The New Zealand National Party leadership election was an election for the National leadership position in 1986.

==Background==
The National Party, led by Robert Muldoon, had lost the 14 July 1984 general election to the New Zealand Labour Party in a landslide. In November 1984, Muldoon was challenged for the party leadership by four candidates; Jim McLay and Jim Bolger were the two main challengers and McLay was successful, taking leadership from 29 November 1984.

McLay offered Muldoon the role of Overseas Trade spokesperson, ranked at number ten of the caucus and the same post that Keith Holyoake had held after he had stepped down as National's leader.
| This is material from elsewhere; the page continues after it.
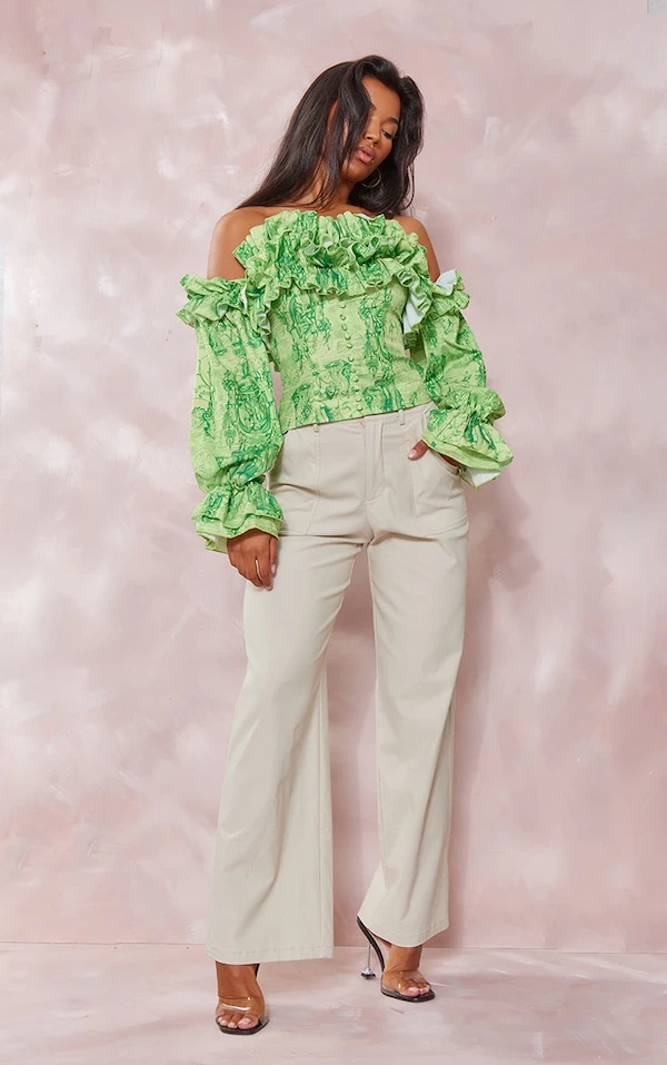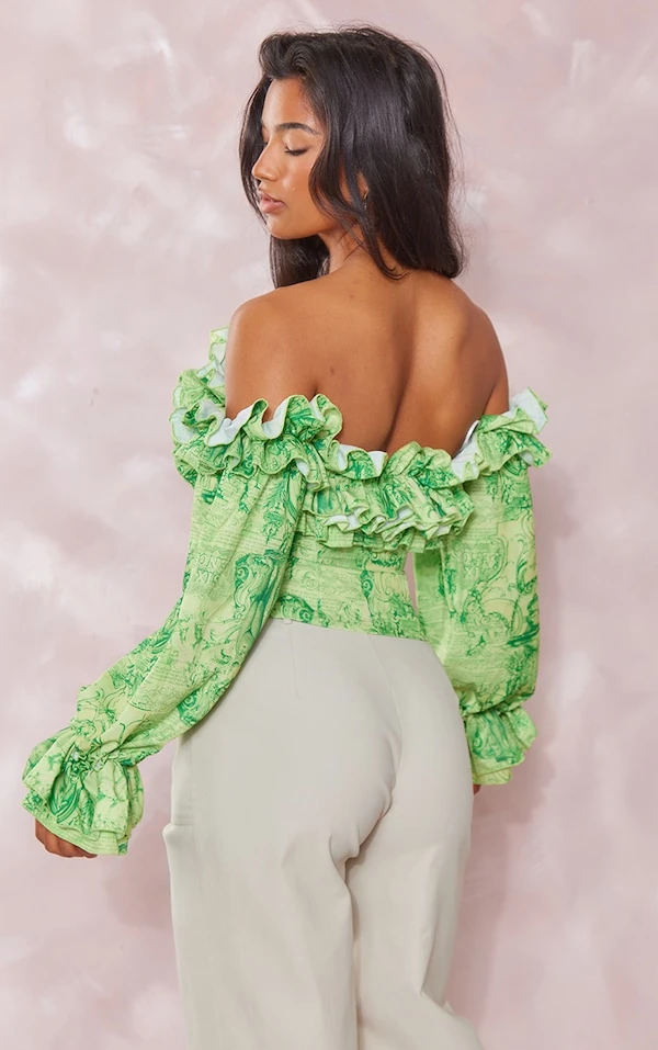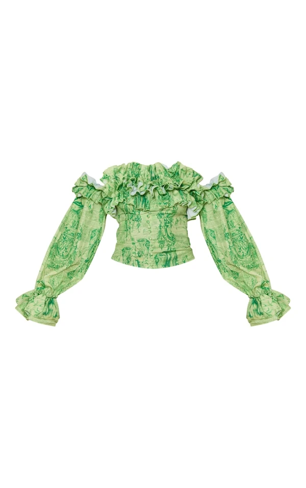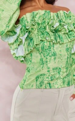 Blouse vert citron imprimé renaissance volantée à manches longues et épaules dénudées

Barry Gustafson, the biographer of Muldoon and the author of the National Party's history The first 50 years, believes that had Muldoon accepted, National would have avoided the difficulties that it faced in 1985. As it was, McLay struggled to get much traction with the media, while Muldoon was seen as the go-to person, all the while criticising the leadership.

In November 1985, McLay demoted Muldoon to the bottom rank in caucus, and Muldoon-supporter Merv Wellington to the second-lowest rank. Muldoon then openly challenged McLay and called for his removal. When Muldoon was asked whether he was going to be a thorn in National's side, he famously replied: "No, just a little prick." An upcoming leadership challenge before year's end was discussed by the media, and lists of supporters of McLay and his possible successor, Bolger, were printed. The issue came to a head when at the 5 December 1985 caucus meeting, McLay asked three times whether anybody wanted to add anything to the agenda, including the question of leadership. Nobody did, and those caucus members who had stirred the media were reprimanded.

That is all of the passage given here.